Могущественное космическое божество Варуна колеблется в выборе статуса: одной ногой он находится в мире асуров, другой — в мире богов. Когда его помыслы склоняются к девам, Индра предлагает ему власть (Rv., X, 124, 5). И эта двойственность выходит за рамки вед. В «Махабхарате», где уже мир мыслится поделенным между богами, Варуна описывается находящимися в подземном дворце в окружении прислуживающих ему асуров.
И при этом асуры трактуются как непримиримые противники богов, вынесенные за пределы освоенного богами мира. Они — могущественные боги изгнания, обладающие собственными твердынями, словно бы оставленные для того, чтобы богам было на ком проявлять свое могущество.
Буддизм
Во второй половине VI — первой четверти V в. до н. э. возникло ещё одно религиозно-философское учение, вступившее в открытое противоборство с ведийским религиозно-мифологическим мышлением и так ярко проявившееся в ведах и эпосе. Оно связано с проповедями религиозного деятеля Северной Индии Сиддхартхи Гаутамы (623 — 544 гг. до н. э.), призывавшего к религиозному очищению человечества, к его освобождению от противоречащих монотеистической идее социальных, половых или каких-либо перегородок и к переходу от созерцания истины к внутреннему перерождению (Лысенко, Терентьев, Шохин, 1994, 126 — 145).
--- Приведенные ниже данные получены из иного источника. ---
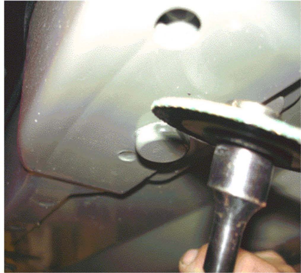 4. Using a grinder (or equivalent tool) remove the three spot welds from the cap of each seat adjuster stud that is to be replaced.

Ведическая традиция уже подготовила индийцев к мысли, что человек может быть озарен огнем божественной истины и поставлен рядом с богами. В Будде ощущается аскетизм и религиозная сосредоточенность отшельников индийского эпоса. Рассказы о его жизни, полные фантастических деталей, сочиненных благочестивыми почитателями, воспринимаются не как обычная биография, а как священная история обретения религиозным мыслителем нового видения жизни, нового слова, нового мировоззрения. В сведениях об открытии Буддой истин и их распространении имеется много неясного, вызывающего сомнения. И сам образ Будды, обросший мифами, как днище идущего сквозь века корабля ракушками, сформировался под непосредственным воздействием брахманской мудрости. Воинствующий аскетизм соединился в нем с глубочайшим религиозным сосредоточением Ману и Маркондеи. Однако согласно буддийской традиции вскоре после смерти вероучителя его ученики и последователи собрались в Паталипутре — столице государства Магадхи, и один из ближайших учеников Просветленного воспроизвел хранившиеся в его памяти наставления о монашеской жизни (Виная-питаку), тогда как другой ученик огласил свод проповедей учителя (Вутта-питаку), свидетельствующий о традиции. Только через сто лет после смерти Будды его последователи вновь сошлись, чтобы разрешить возникшие разногласия в понимании учения. Но это им не удалось.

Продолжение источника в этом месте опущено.